If you’re thinking of having kids, last night I told my 5 year old what I made for dinner and he said “Ew, gross,” then three minutes later I caught him eating a booger.
[on phone with quit smoking coach]
coach: give me 3 triggers you have that make you want a cigarette so we can work on coping skills
me: wow, i’m lucky! i only have 1
coach: that’s great! what is it?
me: being awake
Welcome to Mixed Metaphor Day: it ain’t rocket surgery guys
If wrestling is “fake” then explain this
ARTICLE: How, at the age of just 22 did this man…
ME: Is it rich parents?
ARTICLE: … Yeah.
HER: What kind of music do you like?
ME: Hm. Imagine dragons.
HER: Okay.
ME: Cool. Now imagine them playing banjos with their claws.
Is it too late to drop myself off at the fire station?
High school prepares you for real life!
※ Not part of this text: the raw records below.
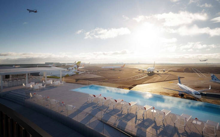 Ανάμεσα στα πιο εντυπωσιακά σημεία του φιγουράρει η πισίνα υπερχείλισης στην ταράτσα του ξενοδοχείου, όπου οι επισκέπτες θα μπορούν να απολαμβάνουν τα δροσιστικά μακροβούτια τους και ηλιοθεραπεία με κάποιο από τα cocktails του μπαρ, παρατηρώντας, ταυτόχρονα, την κινητικότητα στους διαδρόμους αποπροσγείωσης του αεροδρομίου.
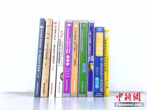 历届世界华文传媒论坛出版的论文集。刘立琨 摄
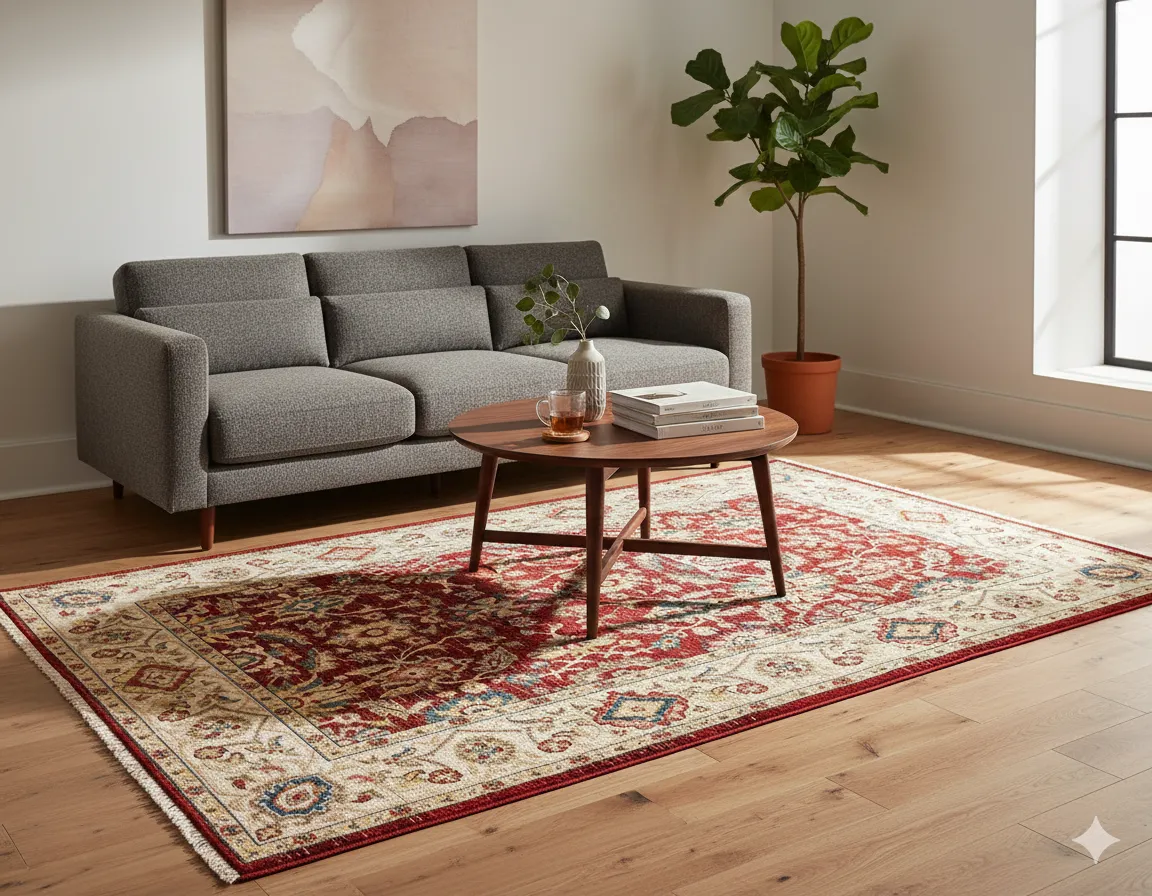 Dywan prezentuje się klasycznie i bardzo elegancko. Czerwony kolor jest głęboki, nie krzykliwy. Materiał przyjemny, łatwo się odkurza. Idealnie pasuje do salonu w tradycyjnym stylu.

For example, show choir taught me how to put on eyeliner and lip liner in a car on the freeway
It’ll make a big mess and practically break their teeth but they’ll keep eating it anyway
-inventor of the Biscotti
Doctor: what seems to be the problem?
Me: I need to be docted
Doctor: you came to the right place. I’m a doctor. I doct people
My son turned 3 and suddenly his elbows are spears, all I’m saying is it seems very uncool that my tiny dictator should get more weapons.
Shout out to my self-aware friends, you know who you are
she like a man in uniform so the mcdonalds outfit here 2 stay
gonna be honest, yes the bear story is odd… but also, I find nothing more relatable than making things worse by oversharing.
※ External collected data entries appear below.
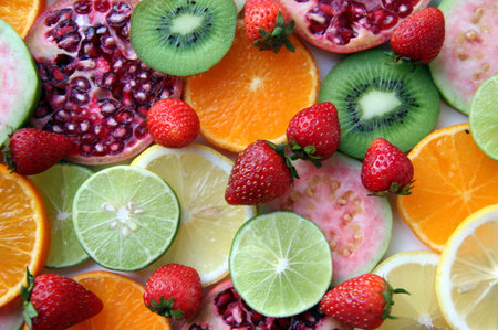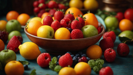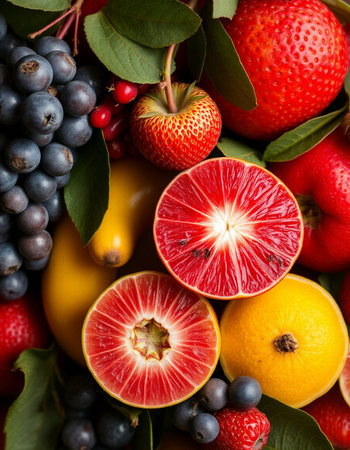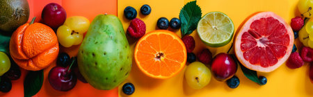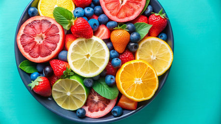 Assorted fresh fruits including citrus and berries on a colorful background, highlighting their vibrant colors and freshness.
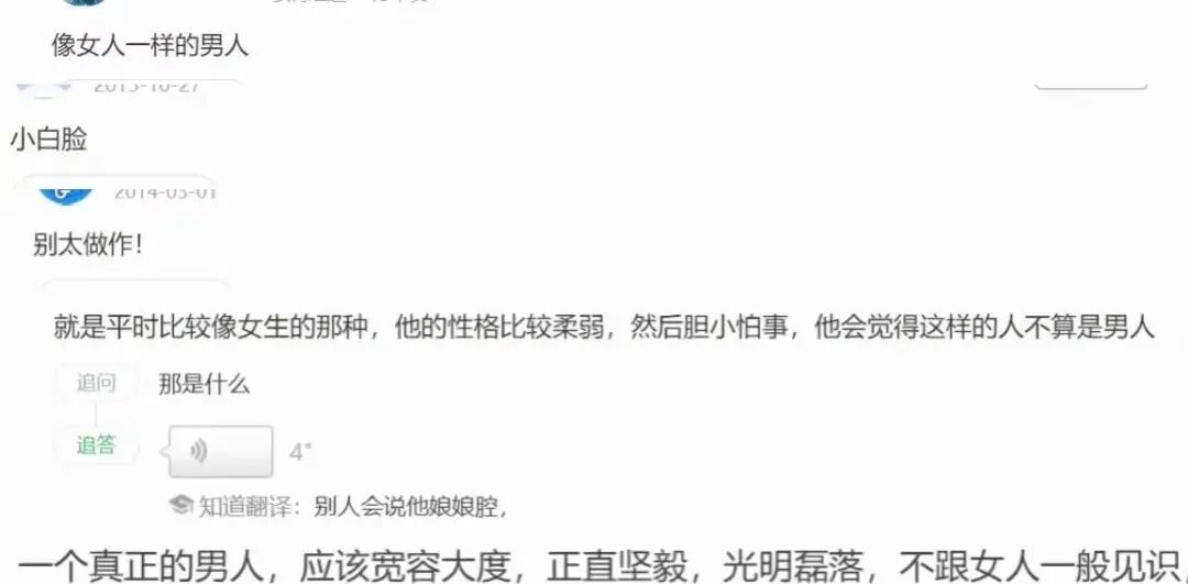 以至于,当他们发现生活里有男生不同于标准的时候,便会投去鄙夷的目光,就像给他印上了“真男人质检不成功”的标签。
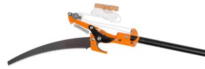 Húsenica nožnice s rohatkou a pílkou a teleskopickou tyčou dĺžky až 280 cm.
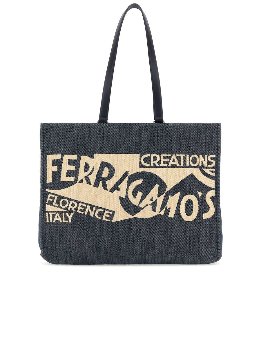 - Colour: Blue - Composition: Exterior: 100% Fabric Lining: 100% Fabric Finishing: Golden metal - Made in: IT - Style ID: 219405773826_DENNATMIDMID - Measurements: Width: 44.5cm x Height: 33cm x Depth: 15.5cm - Handle height 1: 15cm - Handle height 2: 30cm

[taking my final breaths after a freak accident]
Tell my family I totes love them
*gasping for air*
but like, roll your eyes real hard
why do people get so upset about bad haircuts. name one other problem that resolves itself quietly over time while you wait
[first day on SWAT team]
SWAT #1: The target is inside.
SWAT #2: Let’s break down the door.
ME: I got this… [knocks] “GIRL SCOUT COOKIES!”<door flies open>
“Knock knock”
“Whose there?”
“The spelling police”
“Oh know!”
Meditation is fun when you want to do nothing for an hour but still feel a sense of accomplishment.
Parenting experts suggest allowing children to try, even if they fail, so they can learn and grow.
But my mother-in-law’s son is 45 and I’m growing impatient.